HOW TO COMPLETE THIS TASK | Copy out the entire listing, keeping each line exactly as it is.

DATASET ENTRIES |
....
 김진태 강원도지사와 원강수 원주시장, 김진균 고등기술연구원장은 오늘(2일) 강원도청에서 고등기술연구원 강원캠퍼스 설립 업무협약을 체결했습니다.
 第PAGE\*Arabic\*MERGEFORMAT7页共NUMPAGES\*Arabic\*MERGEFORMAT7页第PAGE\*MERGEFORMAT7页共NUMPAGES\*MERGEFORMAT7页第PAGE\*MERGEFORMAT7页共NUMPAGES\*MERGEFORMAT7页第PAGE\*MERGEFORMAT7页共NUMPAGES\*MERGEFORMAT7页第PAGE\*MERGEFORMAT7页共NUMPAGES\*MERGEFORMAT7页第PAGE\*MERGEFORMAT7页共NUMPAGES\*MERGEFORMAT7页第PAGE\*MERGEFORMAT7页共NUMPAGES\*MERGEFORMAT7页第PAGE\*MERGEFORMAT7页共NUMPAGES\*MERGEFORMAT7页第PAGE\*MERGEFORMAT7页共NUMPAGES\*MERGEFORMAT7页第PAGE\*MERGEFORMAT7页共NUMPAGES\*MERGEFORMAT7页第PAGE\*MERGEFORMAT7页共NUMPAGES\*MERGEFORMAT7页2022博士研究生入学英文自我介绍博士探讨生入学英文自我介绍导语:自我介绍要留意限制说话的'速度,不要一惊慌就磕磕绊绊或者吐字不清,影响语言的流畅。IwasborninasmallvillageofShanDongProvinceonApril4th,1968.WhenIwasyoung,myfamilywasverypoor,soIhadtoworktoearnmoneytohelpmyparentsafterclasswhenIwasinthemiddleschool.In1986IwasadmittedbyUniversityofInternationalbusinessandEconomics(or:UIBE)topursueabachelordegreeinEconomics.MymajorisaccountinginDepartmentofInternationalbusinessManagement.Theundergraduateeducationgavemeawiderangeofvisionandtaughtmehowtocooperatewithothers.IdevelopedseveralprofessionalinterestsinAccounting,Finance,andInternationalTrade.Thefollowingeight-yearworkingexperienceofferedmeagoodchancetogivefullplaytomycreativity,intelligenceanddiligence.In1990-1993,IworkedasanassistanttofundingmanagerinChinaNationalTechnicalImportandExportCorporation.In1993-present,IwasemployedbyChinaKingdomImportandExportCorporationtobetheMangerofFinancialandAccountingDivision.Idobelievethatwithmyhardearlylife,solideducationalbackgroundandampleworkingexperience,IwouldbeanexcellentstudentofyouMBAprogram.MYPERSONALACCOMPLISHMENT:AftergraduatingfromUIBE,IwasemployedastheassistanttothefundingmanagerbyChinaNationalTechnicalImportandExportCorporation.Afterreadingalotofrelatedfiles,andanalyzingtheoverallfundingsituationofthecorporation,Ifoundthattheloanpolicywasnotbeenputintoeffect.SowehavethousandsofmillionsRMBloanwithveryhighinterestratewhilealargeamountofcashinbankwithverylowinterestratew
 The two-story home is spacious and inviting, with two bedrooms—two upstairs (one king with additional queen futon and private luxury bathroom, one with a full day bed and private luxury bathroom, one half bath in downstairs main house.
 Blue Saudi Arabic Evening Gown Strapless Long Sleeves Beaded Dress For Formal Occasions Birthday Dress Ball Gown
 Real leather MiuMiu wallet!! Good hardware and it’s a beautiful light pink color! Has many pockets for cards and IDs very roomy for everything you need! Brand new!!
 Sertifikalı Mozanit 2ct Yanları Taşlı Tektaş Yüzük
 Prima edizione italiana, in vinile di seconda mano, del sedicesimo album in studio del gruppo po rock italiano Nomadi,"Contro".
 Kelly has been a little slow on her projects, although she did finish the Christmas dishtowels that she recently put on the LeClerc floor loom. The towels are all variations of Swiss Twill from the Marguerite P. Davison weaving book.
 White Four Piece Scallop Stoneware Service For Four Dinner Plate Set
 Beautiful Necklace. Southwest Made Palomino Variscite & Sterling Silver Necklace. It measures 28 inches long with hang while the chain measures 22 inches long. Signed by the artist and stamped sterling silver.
....
RESPONSE TO THE EXERCISE |
 김진태 강원도지사와 원강수 원주시장, 김진균 고등기술연구원장은 오늘(2일) 강원도청에서 고등기술연구원 강원캠퍼스 설립 업무협약을 체결했습니다.
 第PAGE\*Arabic\*MERGEFORMAT7页共NUMPAGES\*Arabic\*MERGEFORMAT7页第PAGE\*MERGEFORMAT7页共NUMPAGES\*MERGEFORMAT7页第PAGE\*MERGEFORMAT7页共NUMPAGES\*MERGEFORMAT7页第PAGE\*MERGEFORMAT7页共NUMPAGES\*MERGEFORMAT7页第PAGE\*MERGEFORMAT7页共NUMPAGES\*MERGEFORMAT7页第PAGE\*MERGEFORMAT7页共NUMPAGES\*MERGEFORMAT7页第PAGE\*MERGEFORMAT7页共NUMPAGES\*MERGEFORMAT7页第PAGE\*MERGEFORMAT7页共NUMPAGES\*MERGEFORMAT7页第PAGE\*MERGEFORMAT7页共NUMPAGES\*MERGEFORMAT7页第PAGE\*MERGEFORMAT7页共NUMPAGES\*MERGEFORMAT7页第PAGE\*MERGEFORMAT7页共NUMPAGES\*MERGEFORMAT7页2022博士研究生入学英文自我介绍博士探讨生入学英文自我介绍导语:自我介绍要留意限制说话的'速度,不要一惊慌就磕磕绊绊或者吐字不清,影响语言的流畅。IwasborninasmallvillageofShanDongProvinceonApril4th,1968.WhenIwasyoung,myfamilywasverypoor,soIhadtoworktoearnmoneytohelpmyparentsafterclasswhenIwasinthemiddleschool.In1986IwasadmittedbyUniversityofInternationalbusinessandEconomics(or:UIBE)topursueabachelordegreeinEconomics.MymajorisaccountinginDepartmentofInternationalbusinessManagement.Theundergraduateeducationgavemeawiderangeofvisionandtaughtmehowtocooperatewithothers.IdevelopedseveralprofessionalinterestsinAccounting,Finance,andInternationalTrade.Thefollowingeight-yearworkingexperienceofferedmeagoodchancetogivefullplaytomycreativity,intelligenceanddiligence.In1990-1993,IworkedasanassistanttofundingmanagerinChinaNationalTechnicalImportandExportCorporation.In1993-present,IwasemployedbyChinaKingdomImportandExportCorporationtobetheMangerofFinancialandAccountingDivision.Idobelievethatwithmyhardearlylife,solideducationalbackgroundandampleworkingexperience,IwouldbeanexcellentstudentofyouMBAprogram.MYPERSONALACCOMPLISHMENT:AftergraduatingfromUIBE,IwasemployedastheassistanttothefundingmanagerbyChinaNationalTechnicalImportandExportCorporation.Afterreadingalotofrelatedfiles,andanalyzingtheoverallfundingsituationofthecorporation,Ifoundthattheloanpolicywasnotbeenputintoeffect.SowehavethousandsofmillionsRMBloanwithveryhighinterestratewhilealargeamountofcashinbankwithverylowinterestratew
 The two-story home is spacious and inviting, with two bedrooms—two upstairs (one king with additional queen futon and private luxury bathroom, one with a full day bed and private luxury bathroom, one half bath in downstairs main house.
 Blue Saudi Arabic Evening Gown Strapless Long Sleeves Beaded Dress For Formal Occasions Birthday Dress Ball Gown
 Real leather MiuMiu wallet!! Good hardware and it’s a beautiful light pink color! Has many pockets for cards and IDs very roomy for everything you need! Brand new!!
 Sertifikalı Mozanit 2ct Yanları Taşlı Tektaş Yüzük
 Prima edizione italiana, in vinile di seconda mano, del sedicesimo album in studio del gruppo po rock italiano Nomadi,"Contro".
 Kelly has been a little slow on her projects, although she did finish the Christmas dishtowels that she recently put on the LeClerc floor loom. The towels are all variations of Swiss Twill from the Marguerite P. Davison weaving book.
 White Four Piece Scallop Stoneware Service For Four Dinner Plate Set
 Beautiful Necklace. Southwest Made Palomino Variscite & Sterling Silver Necklace. It measures 28 inches long with hang while the chain measures 22 inches long. Signed by the artist and stamped sterling silver.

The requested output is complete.